### Exercise directions
All lines from the opening of the material up to and including the line with "- In the File" should be transcribed exactly, pictures excepted.
# # #
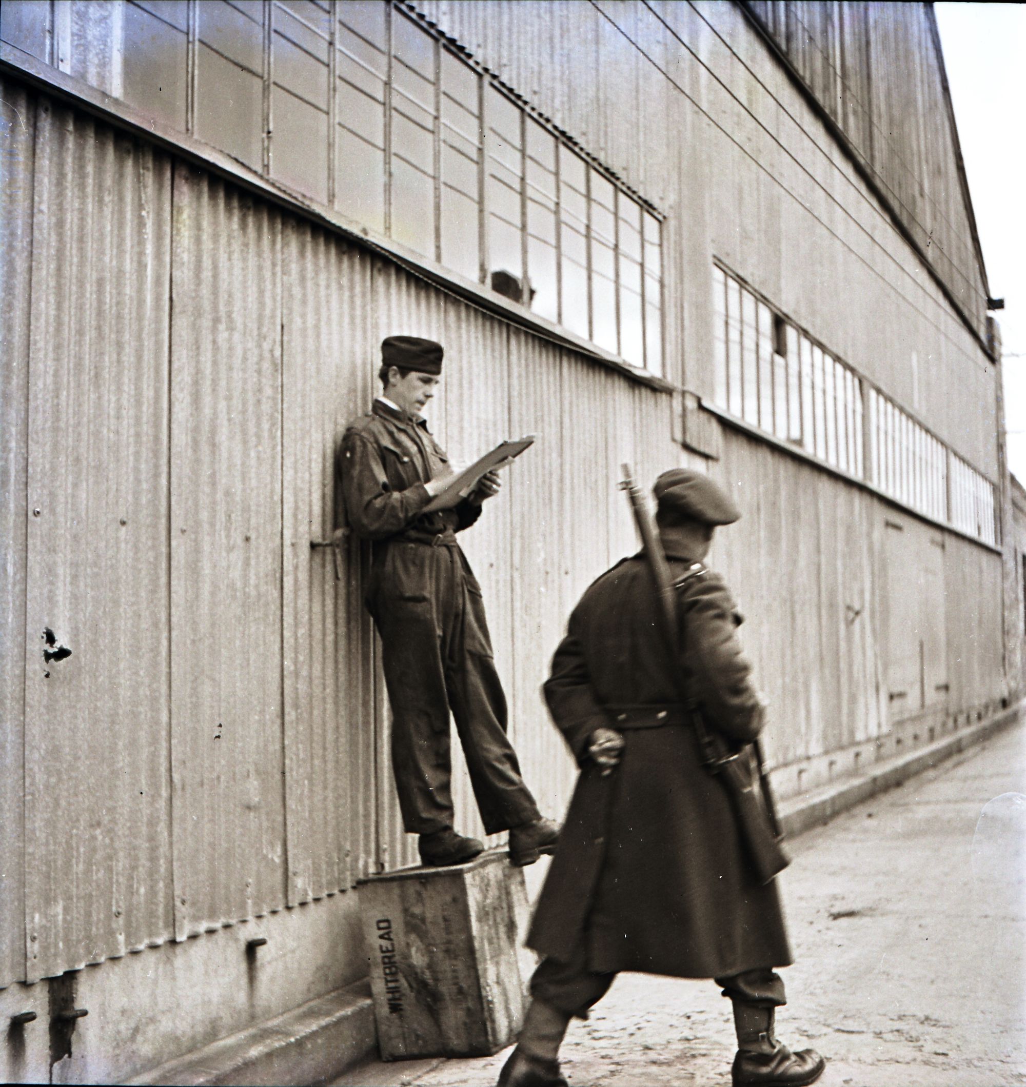84. An English sentinel keeps watch over a German prisoner "hard at work." (Une sentinelle anglaise monte la garde devant un prisonnier allemand « en plein travail »)
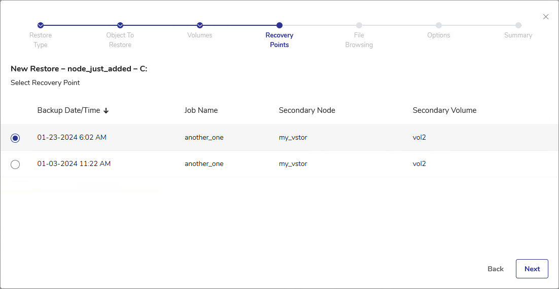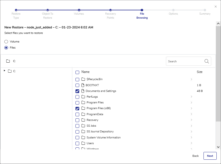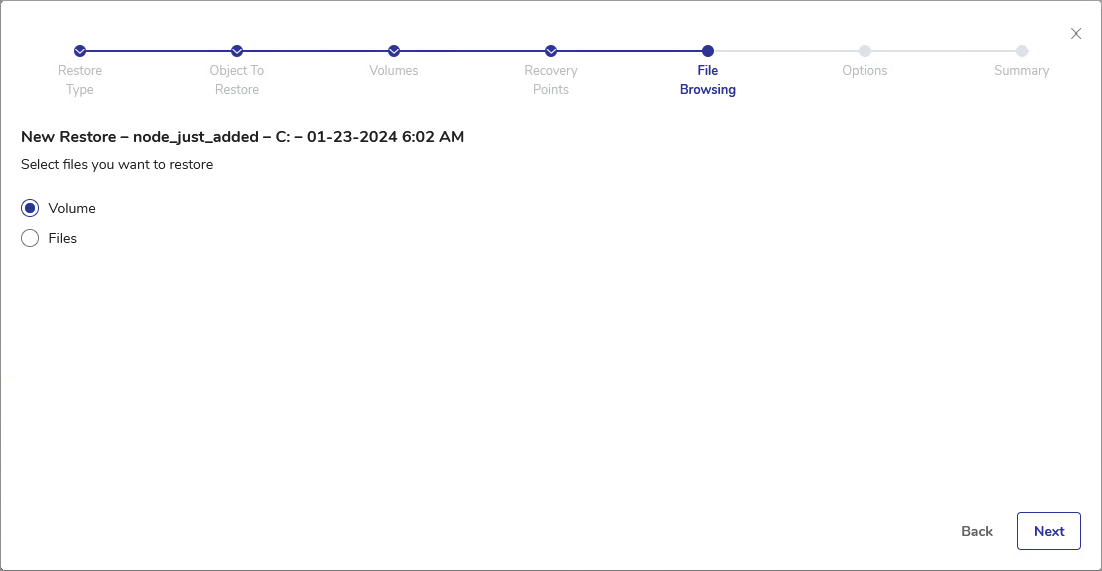 - In the File Browsing step, select either the entire Volume or specific files.
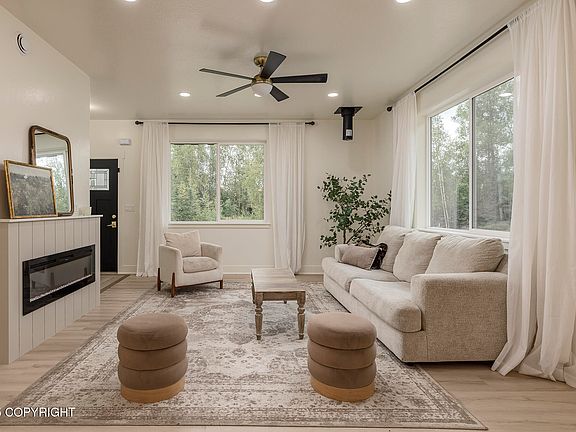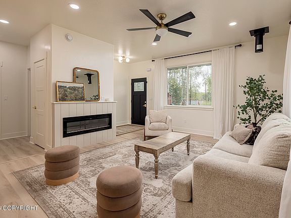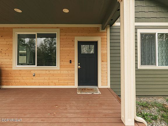 Modern comfort meets Alaskan living in this thoughtfully designed home! Step inside to find 9ft ceilings, LifeProof LVP flooring, and a cozy electric fireplace. The kitchen and bathrooms shine with quartz countertops, while both bathrooms feature tiled floors and tub surrounds. The spacious master suite has a 72'' double vanity and a MAXX soaking tub. This is a Must see! Schedule a showing today!Comfort is built in with radiant in-floor heat throughout the home and garage (plus garage heater backup) and a full HRV system for fresh air year-round. A wood stove pipe is already installed if you'd like to add extra warmth. Outdoor living is a dream with TimberTech front and rear decks (rear deck hot tub-ready), a fully cedar-fenced yard, and an outdoor hot water spigot for recreation and easy cleanups. The lot is 90% cleared, offering a huge gravel backyard perfect for toys, gatherings, or future projects. This home is loaded with upgrades and built for year-round enjoyment!
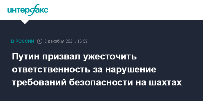 Москва. 2 декабря. INTERFAX.RU - Президент РФ Владимир Путин выступил за ужесточение требований к обеспечению безопасности на шахтах и детализацию составов административных правонарушений в этой сфере.
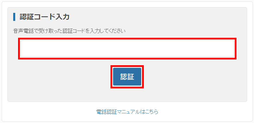 「SMS」または「音声電話」で受け取った認証コードを入力します。
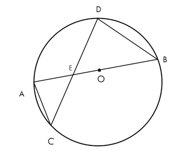 π cm². Cięciwa CD przecina średnicę AB w punkcie E, odległym o 5 cm od środka koła, a pole trójkąta EBD jest 9 razy większe od pola trójkąta ACE. W tym zadaniu musisz obliczyć odległość cięciwy CD od środka koła.
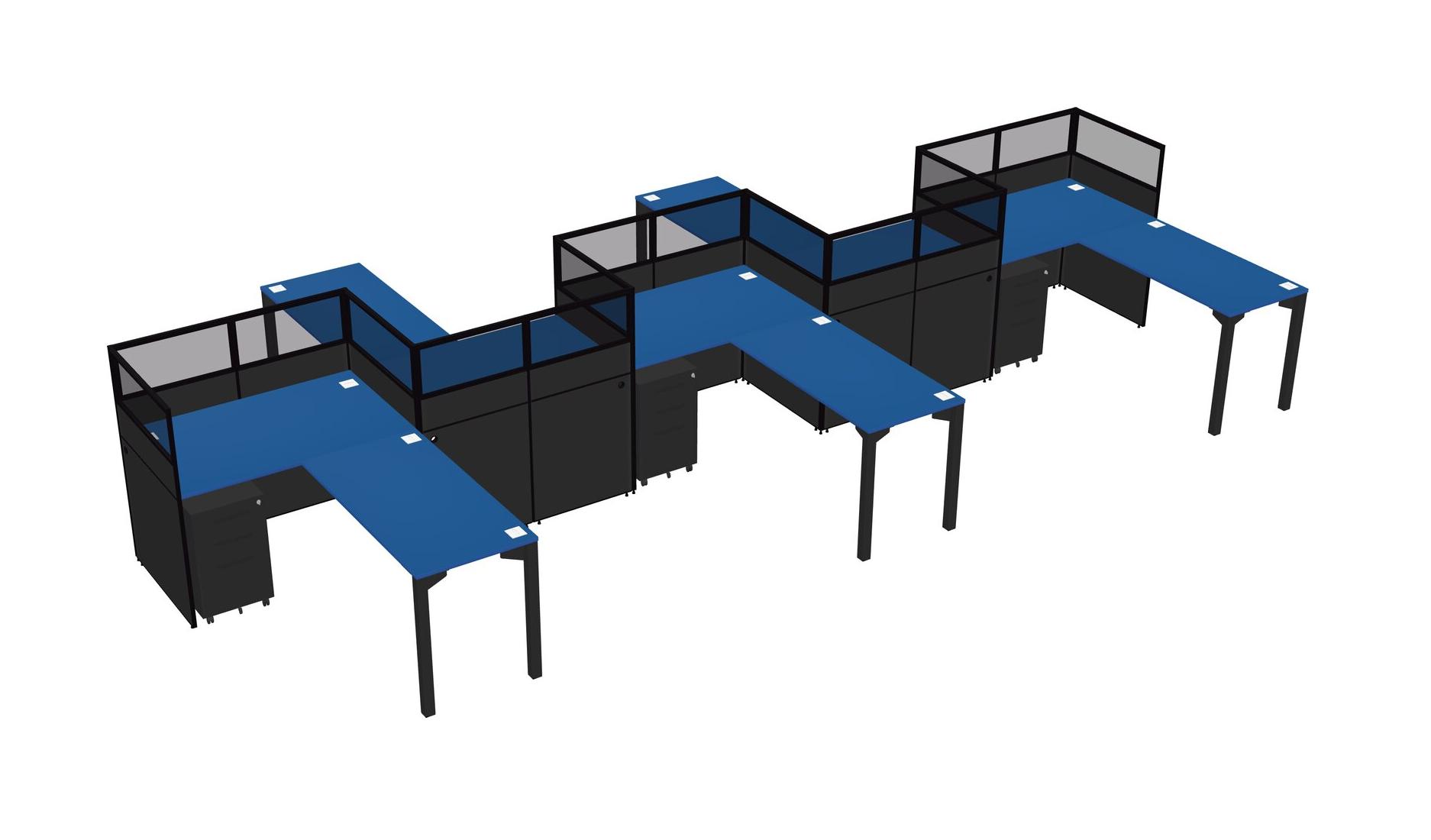Prism Blue L-shape Cubicle Workstations For 5 - Zigzag Formation + Black Metal Mobile Drawers + Panel Return
# # #
### Solved problem
84. An English sentinel keeps watch over a German prisoner "hard at work." (Une sentinelle anglaise monte la garde devant un prisonnier allemand « en plein travail »)
 - In the File Browsing step, select either the entire Volume or specific files.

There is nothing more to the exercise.